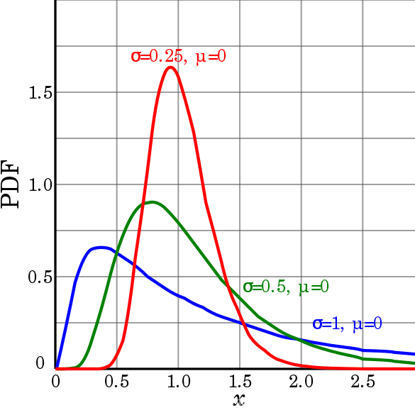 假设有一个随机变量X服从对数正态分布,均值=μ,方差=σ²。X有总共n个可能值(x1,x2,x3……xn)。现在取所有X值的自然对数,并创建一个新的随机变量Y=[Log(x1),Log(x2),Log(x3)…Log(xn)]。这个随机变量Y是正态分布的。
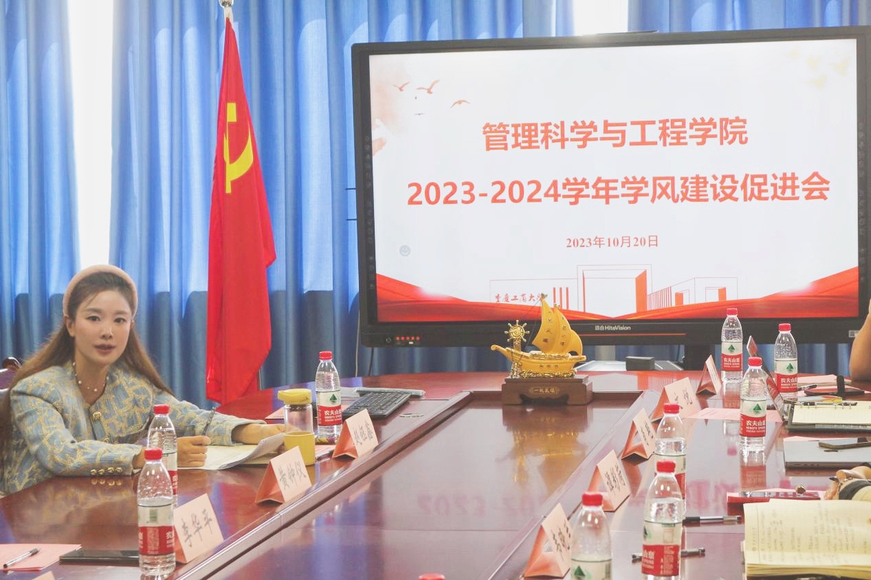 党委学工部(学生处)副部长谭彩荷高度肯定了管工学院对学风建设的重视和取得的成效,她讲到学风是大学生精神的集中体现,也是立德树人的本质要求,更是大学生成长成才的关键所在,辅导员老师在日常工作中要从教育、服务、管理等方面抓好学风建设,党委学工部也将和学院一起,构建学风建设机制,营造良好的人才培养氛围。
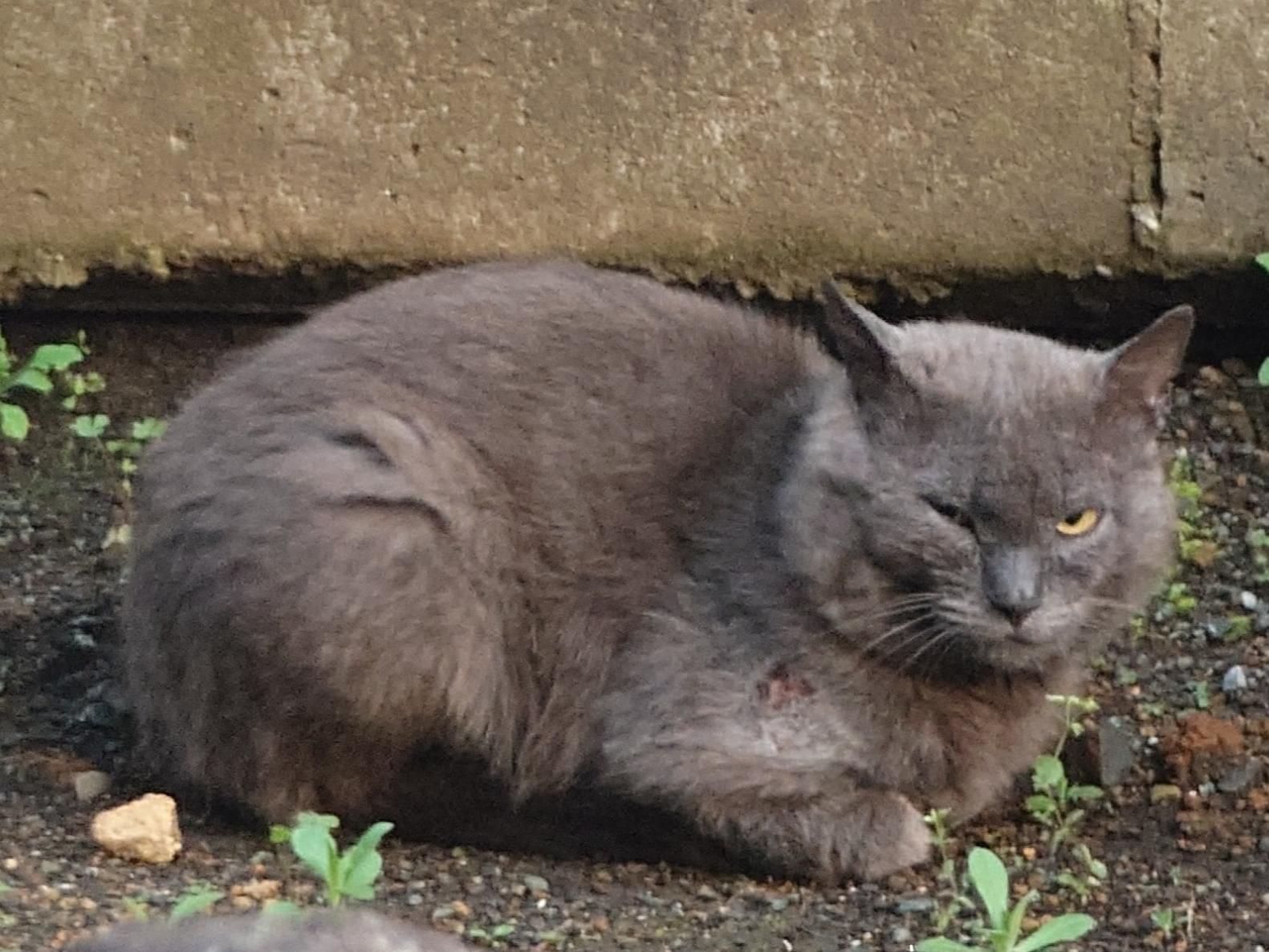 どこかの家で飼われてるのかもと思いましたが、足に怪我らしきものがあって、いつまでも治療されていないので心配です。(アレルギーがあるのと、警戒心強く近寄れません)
****
## What needs to be done
Reprint the whole listing verbatim except for the pictures.

## Answer to the problem
 假设有一个随机变量X服从对数正态分布,均值=μ,方差=σ²。X有总共n个可能值(x1,x2,x3……xn)。现在取所有X值的自然对数,并创建一个新的随机变量Y=[Log(x1),Log(x2),Log(x3)…Log(xn)]。这个随机变量Y是正态分布的。
 党委学工部(学生处)副部长谭彩荷高度肯定了管工学院对学风建设的重视和取得的成效,她讲到学风是大学生精神的集中体现,也是立德树人的本质要求,更是大学生成长成才的关键所在,辅导员老师在日常工作中要从教育、服务、管理等方面抓好学风建设,党委学工部也将和学院一起,构建学风建设机制,营造良好的人才培养氛围。
 どこかの家で飼われてるのかもと思いましたが、足に怪我らしきものがあって、いつまでも治療されていないので心配です。(アレルギーがあるのと、警戒心強く近寄れません)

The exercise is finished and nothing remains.